Clement Clark Moore re-imagined Christmas legends that trace all the way back to the Fourth Century. And he developed one that will no doubt live forever.


One dour academician and one inspired poem. As unlikely a story as a sleigh ride through a winter night’s sky.









we need to have snow
to see silence
in the making

each flake falling


               a hush


on city drums

                                                   —ron vazzano











A rather ghostly figure without legs (or an ET under a Martian sky?), he seemingly can’t take it anymore. He lets out a scream that reverberates in the loudest decibels that the mind can conjure. It’s that painting by Edvard Munch, and it is now on loan to the Museum of Modern Art through next April. And we flock.
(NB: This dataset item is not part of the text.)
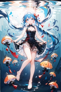 1girl, long hair, dress, underwater, solo, barefoot, black dress, very long hair, breasts, blue hair, blue eyes, jellyfish, cleavage, bubble, looking at viewer, bangs, coral, bare legs, sleeveless, full body, medium breasts, air bubble, fish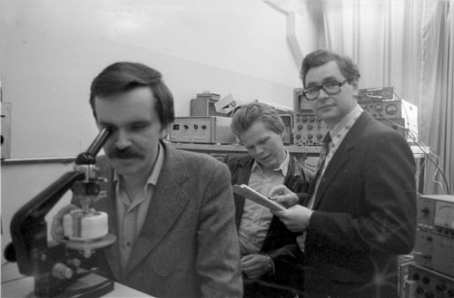 Сотрудники лаборатории молекулярной спектроскопии Института физики им. Л.В. Киренского Сибирского отделения Академии наук СССР (СО АН СССР), победители конкурса научных работ СО АН СССР среди молодых ученых 1983 года, слева направо: Жуйков В.А., Зырянов В.Я., Аверьянов Е.М. Снимок 1983 года. Красноярск.

Who has not had a moment where you just want to let out a scream, because it just has become all too much? And we flock.

And there it hangs, a sketchy piece of art composed of pastels on cardboard, that you imagine could have been done by any professional artist, in what, maybe forty minutes? But as only can happen in that sequestered world of art collecting that no outsider can ever comprehend, it sold for $120 million at auction this past May. It is of course…





Simply framed and under glass, it has a wall to itself, opposite that of Van Gogh’s Starry Night (both depicting a fantastical sky). And it comes with a hand-painted plaque affixed by Munch, that contains a poem he wrote describing his inspiration for the work.

I was walking along the road with two friends — the sun was setting—suddenly the sky turned blood red — I paused, feeling exhausted, and leaned on the fence — there was blood and tongues of fire above the blue-black fjord and the city — my friends walked on, and I stood there trembling with anxiety — and I sensed an infinite scream passing through nature.


Some would call this a primal scream. One that is lodged deep within, resulting perhaps from some traumatic childhood experience. Say like, being left home alone?



The painting itself has seemingly undergone its own trauma, as Munch toyed with several variations of it over the course of a seventeen year period. So he did spend considerably more time on it than the work at first glance would seem to have required. It’s always surprising to learn how much “noodling” around artists will do, before they feel they have gotten it right and can just let it be.




Then there have been the thefts and theft attempts along the way with resultant damage requiring repair and restoration, to add to the pain. The last retrieval, made by Norwegian police (along with Munch’s Madonna), occurred in August of 2006.

The Scream. We get it. Instantly! We’ve all been there.

Yet despite its ubiquity in the pop culture—often parodied, imitated, appearing in unexpected places as it once did in The Simpsons, made into dolls and Halloween masks, affixed to mugs and T-shirts, and even silk screened by the master of pop art, Andy Warhol— it still draws crowds. It’s as if we need to file past it to pay our respects to high anxiety.







Xmas Tree


Freshly cut and carted off
to Any County, USA
this Douglas-fir might be said
to begin the business of dying.


To be or not to be is not
an option for the designated tree.


Yet in its severed and uprooted state
it clings to itself
by the will of its very own branches;


summons up the plasma reserves
of its own sweet sap;


glories in its own
delicious essence.


How long denied of mother’s milk
and God’s green earth
could you go on?


A question perhaps for St. Thomas Aquinas.
For even the chicken
headless and running amok
quickly runs out of time.


But the tree stands tall in our living room—
a miracle in the making —
guzzling water from the bottom up


while weighted down
by our baubles and beads
and bubbling lights.


One less noble would have long ago yielded
to the ghosts of Dickens
to the yuletides past


at the very first whack
of the woodman’s axe.


But the tree as if cast
in some passion play


hangs on.

                  —Ron Vazzano








Don’t forget to set your Mayan Calendars back one decade on December 21st at 2 AM, the first day of the winter solstice. Or else we might not be around later that day or ever again. (JANUARY, 2012 Muse-letter).